Filters/Text processing commands

  • cut

    • allows us to cut the output, takes input of command/content of file and cut it to our desired output
  • awk

    • list by columns
  • grep and egrep

    • search by the keyword. Like searching for a specific word.
  • sort

    • sorts out the output in alphabetical order
  • uniq

    • not show duplicates in a file.
  • wc

    • word count command waca command. tells us how many words, letters, line we've in a file/output.

cut - Text Proecssors Commands

  • Cut is a command line utility that allows us to cut parts of lines from specified files or piped data and print the result to stdout.
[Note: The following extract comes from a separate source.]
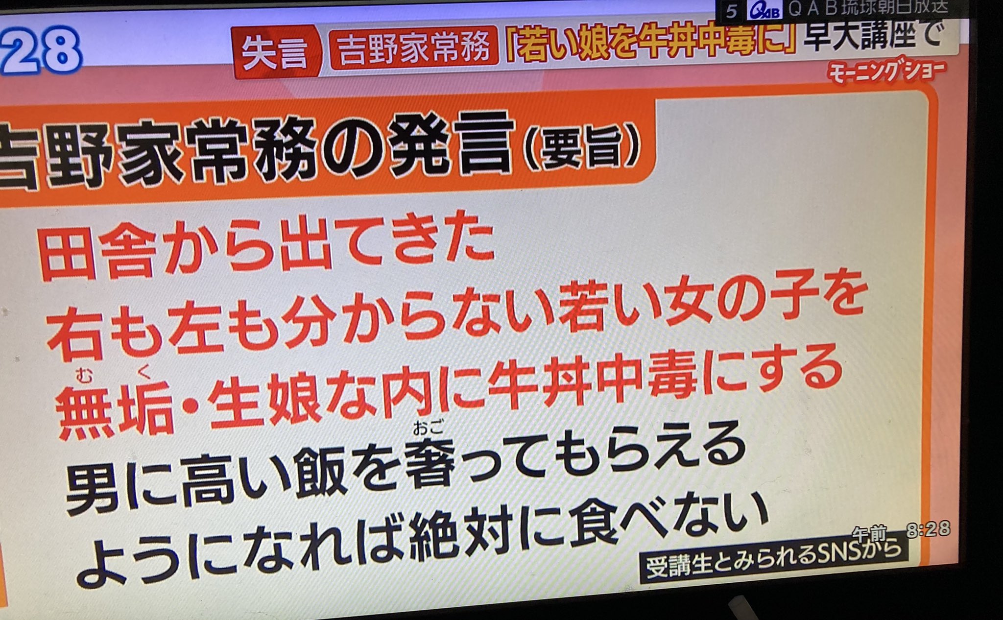 生娘シャブ漬けってワーディングがチンピラだし女性蔑視、地方出身者蔑視でかつ自社商品蔑視、吉野家のリピーターや社員を貶める凄え発言。

It can be used to cut parts of a line by delimiter, byte position, and character.

  • cut filename = doesn't work you've to specify options in this command

  • cut --version = check utility version.

  • cut -c1 filename = list one character

  • cut -c1,2,4 filename = Pick and chose character

  • cut -c1-3 filename = list range of characters

  • cut -c1-3,6-8 filename = list specific range of characters.

  • cut -b1-3 filename = list by byte size

  • cut -d: -f 6 /etc/passwd = list first 6th column separated by :

  • ls -l | cut -c2-4 = only print user permissions of files/dir

awk - Text processors commands

  • awk is a utility/language designed for data extraction. Most of the time it is used to extract fields from a file or from an output.

  • check version : awk --version

  • print 1st column of character in a file: awk '{print $1}' file

  • second column/field: awk '{print $2}' file

  • output specific columns: ls -l | awk '{print $1,$3}'

  • last field of the output: ls -l | awk '{print $NF}'

  • search for specific keyword: awk '/dev/ {print}' tx

  • output only first fields of file: awk -F: '{print $1}' /etc/passwd

  • replace words fields words: echo "Hello Tushar" | awk '{$2="Rajpoot"; print $0}'

    • $0 means whatever you find print it now.
  • replace words in output of file: cat tx | awk '{$1="Tushar"; print$0}'

  • get lines that have more than 3 bytes: awk 'length($0) > 3' tx

  • Get the field matching seinfeld in /home/tushar: ls -l | awk '{if($9 == "seinfeld") print $0;}'

  • Number of fields: ls -l | awk '{print NF}'

grep/egrep - Text processors commands

  • The grep command which stands for global regular expression print processes text line by line and prints any lines which match a specific pattern.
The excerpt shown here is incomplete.